C12 Adherence to antiretroviral therapy

Introduction

Taking highly active antiretroviral therapy (HAART) is a long-term commitment which, once started, need to be continued over one’s lifetime. To achieve maximum effectiveness, people living with HIV/AIDS (PLWHA) must take all the prescribed medications regularly and almost at the same time every day.[1] Adherence to HAART is associated with a positive response to treatment in terms of the control of HIV replication, improvement of immune functions, and reduction of the risk of HIV transmission.[Chapter C10] Clearly, adherence is important in optimising PLWHA’s response to therapy, while suboptimal adherence may result in treatment failure, a rise in plasma viral load, continued destruction of CD4+T cells and emergence of resistant HIV strains. Antiretroviral resistance, aside from causing regimen failure, could compromise future treatment options and increase the risk of HIV related morbidity and mortality.[2]

Over the past years, there has been a huge improvement in HAART regimens. Today, HAART in use is much simplified and more potent, causes fewer side-effects, is easier to take and less likely to cause resistance. Nevertheless, barriers to treatment adherence varies between individuals,[3] and remains one of the major concerns in achieving effective HIV care and control.

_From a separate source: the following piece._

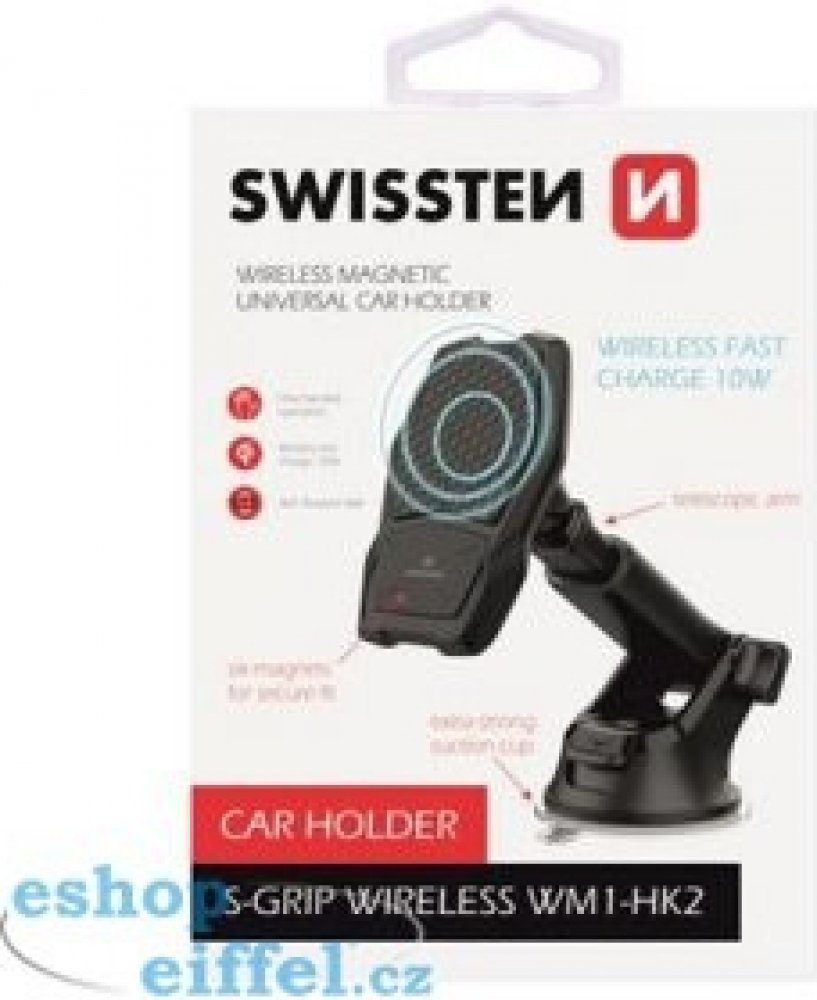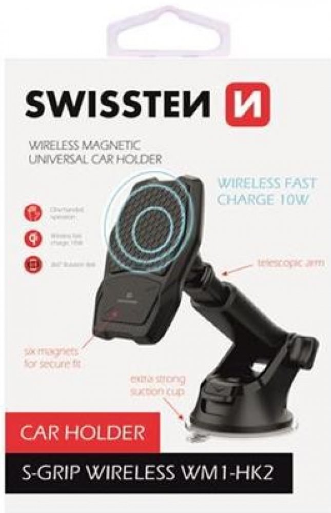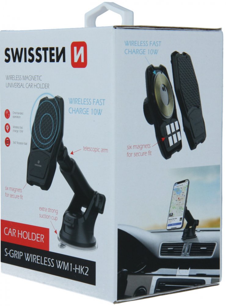 Magnetický držák do auta s bezdrátovým nabíjením SWISSTEN S-GRIP WM1-HK2 je určen pro připevnění na palubní desku. Držák disponuje rychlým nabíjením s výkonem 10W. Magnet je umístěn ve spodní části. Baleno v blistru Swissten.

Drug adherence counselling

Health care providers play an important role in achieving HAART adherence. Counselling on preparing for HAART initiation, drug adherence and support are conducted by nurse counsellors in accordance with the established protocol, a practice adopted at all HIV treatment services in Hong Kong. A systematic and multi-disciplinary approach is essential in promoting drug adherence in PLWHA.[1] Drug adherence counselling is preferentially integrated with other targeted risk reduction measures, which serve the purposes of sustaining the maintenance of a low HIV risk in the community. The objectives of drug adherence counselling are, to:

  1. provide knowledge and support to PLWHA for making appropriate choice on HIV treatment according to individual needs
  2. assist PLWHA to establish drug adherence behaviour
  3. enhance one’s ability in managing and maintaining the treatment
  4. create a supportive environment for facilitating the achievement of optimal drug adherence

Drug adherence counselling is a 4-stage approach [Algorithm 12] that incorporates principles of learning theory, the daily living challenges of the patient and the complexity of medical and psychosocial factors specific to HIV practice.[1] The 4-stage approach consists of stage 1: General preparation, stage 2: Treatment initiation, stage 3: Consolidation; and stage 4: Maintenance. Drug adherence interventions integrate affective, behavioural, and cognitive strategies. Effective strategies are designed to optimise social and emotional support, to establish nurse-patient relationship and encourage communication. Behavioural strategies are designed to shape, reinforce or influence behaviour of drug adherence. Cognitive interventions are designed to teach, clarify and provide treatment information.[4]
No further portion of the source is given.